In its original attempts to unite reality and dreams, the Belgian Surrealist movement has made the art history books a million times over. And while its members shared a vision with their contemporaries across the French border, the second biggest surrealist group of the world has become a lesser-known one, except for the resounding name of painter René Magritte. Contrary to popular belief, the shock waves this bewildering new art form would send throughout Belgium from the 1920s onwards were the work of more than one stand-alone genius.
Though French poet André Breton’s 1924 Manifesto of Surrealism marked the official birth of Surrealism in ink, the Belgians followed up right after with Correspondence, published that very same year. The brightly colored periodical critiquing the new writings and ideologies fresh out of Paris would know 22 editions over the course of a little more than half a year. The group responsible for the avant-garde views expressed in the stapled together fliers were Camille Goemans, Marcel Lecomte, and Paul Nougé.
Before too long, the initial trio attracted kindred spirits in E.L.T. Mesens, Marcel Mariën and, of course, René Magritte. Over drinks in their local Brussels watering hole, La Fleur en Papier Doré – a place welcoming literary and artistic debate up to this day – the gang would discuss the creation of other periodicals to come during the 1920s such as OEsophage, Marie, Distance and Le Disque Vert. Café owner Gerard van Bruaene became a treasured companion while others such as André Souris and artist couple Louis Scutenaire and Irène Hamoir continued to join. While the talents of all of these creatives verged from poetry to music to academia, Surrealist tendencies clearly pervaded their works throughout. Reality and the unconscious collided in the creation of weird-looking creatures, illogical and thought-provoking scenes that confounded the spectator and experimental language-games.
It is often said that Magritte became a leading figure in Surrealist circles only after leaving Brussels for Paris in 1927, effectively ignoring his Belgian origins.
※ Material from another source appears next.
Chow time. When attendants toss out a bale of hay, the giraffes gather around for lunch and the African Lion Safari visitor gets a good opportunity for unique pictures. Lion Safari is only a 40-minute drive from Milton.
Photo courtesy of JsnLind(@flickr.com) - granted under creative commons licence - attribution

What is often overlooked, however, is the fact that the visionary painted almost half of his oeuvre when back at his Brussels home in the peaceful Jette neighborhood after returning in 1930. The answer then as to why Magritte became the only internationally recognized Belgian surrealist – his works now deeply seated in pop culture awareness – while talented contemporaries such as E.L.T. Mesens and Marcel Mariën remain in the shadows, might well lie in the principles of these latter artists.
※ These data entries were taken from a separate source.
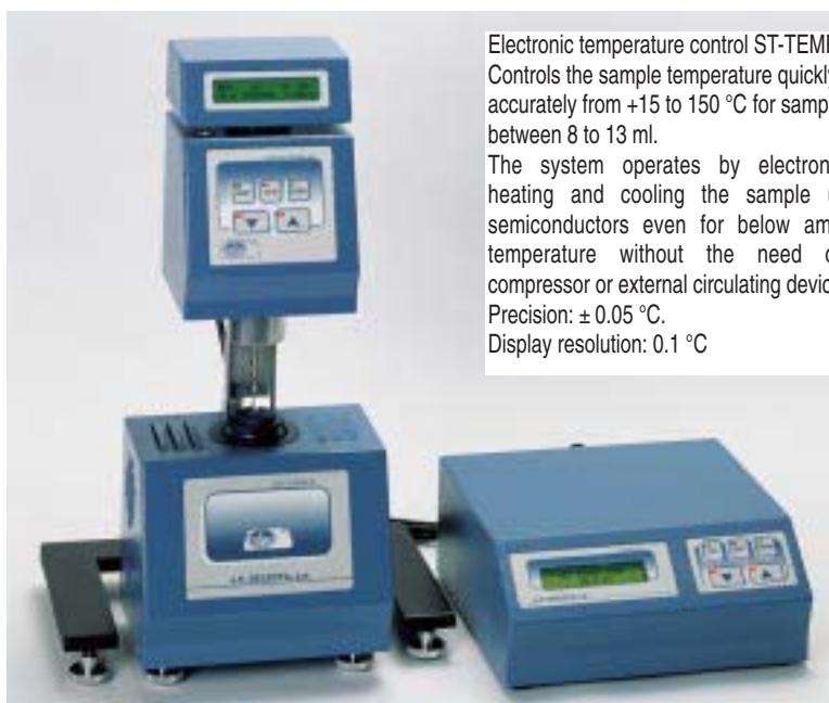
Electronic temperature controller ST-TEMP attached to the viscometer ST-DIGIT.
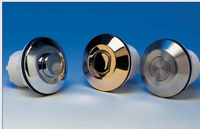
Stainless &amp; Chrome Options
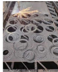
Sheet Metal Cutting Service
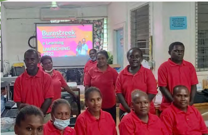
Burns Creek SDA Primary Staff

Representatives from the Solomon Island mission Education Department, Ministry of Education & Human Resources Development Stakeholders, school principals witnessed the launching of the online learning for Burns Creek SDA Primary School in the Solomon Island, on Tuesday the 10th of May 2022. This new technology is the first ever medium and platform the school established to enhance students continuing learning at home whilst facing the COVID- 19 pandemic. The initiated online program is a creative educational teaching approach done by
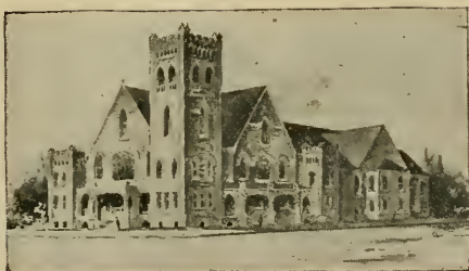
First Baptist Church Greensboro

RALEIGH PRESSES OF EDWARDS & BROUGHTON COMPANY. 1906
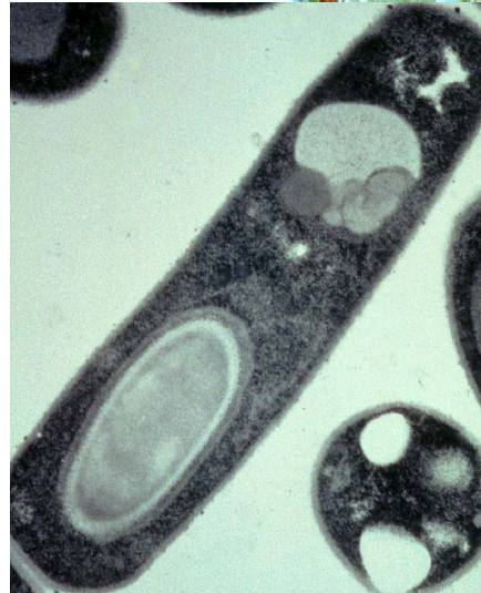
Bt bacterium (left) is a commonly used biological pesticide that has more recently been used in genetically modified crops. The potato tuber worm granulovirus (above) is a pathogen used to control some insect pests.
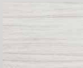
TOPLINE L1 palisander white
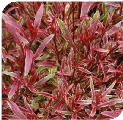
Gaura lindheimeri Passionate Rainbow 71319

Unlike its Spanish counterpart, which includes larger-than-life figures such as Salvador Dalí and Joan Miró, the Belgian Surrealist movement had displayed a reluctance towards fame and infamy from the very beginning. Its code of conduct rested upon a typical Belgian modesty, from the bar its members conducted their intellectual conversations in to the simple houses and clothes they lived their lives in. While the images and texts springing from these minds were the most avant-garde the age had seen, their middle-class suits hardly screamed “surrealist revolutionaries at work.” Magritte wasn’t a ringleader as much as one part of a group of friends and equals whose opinions mattered no more than the next. For Mariën, the conviction against stardom even went so far that he decided to sever ties with Magritte once the latter one chose the career path to become an internationally renowned painter.
And then there’s Paul Delvaux, who wasn’t exactly part of the La Fleur en Papier Doré group but associated with them on several occasions nonetheless. An unmistakable surrealist, Delvaux painted nude women in a seemingly hallucinatory setting. His protagonists often find themselves joined by skeletons, ruins and other strange objects that imbue the frame with the uncanny feelings so emblematic of our dreams.
Of course, Belgian Surrealism today is mostly known through René Magritte, a painter so witty and thought-provoking that two Brussels museums housing over 200 of his original works attract hundreds of thousands of visitors every year. Still, Magritte’s legacy can also be seen as a gateway to the rest the inventive tradition has to offer. Take a walk off the beaten track by having a beer at the history-laden La Fleur en Papier Doré or by visiting the Schaerbeek Cemetery where poet Marcel Mariën rests under the surrealist message: “There is no merit in being anything.”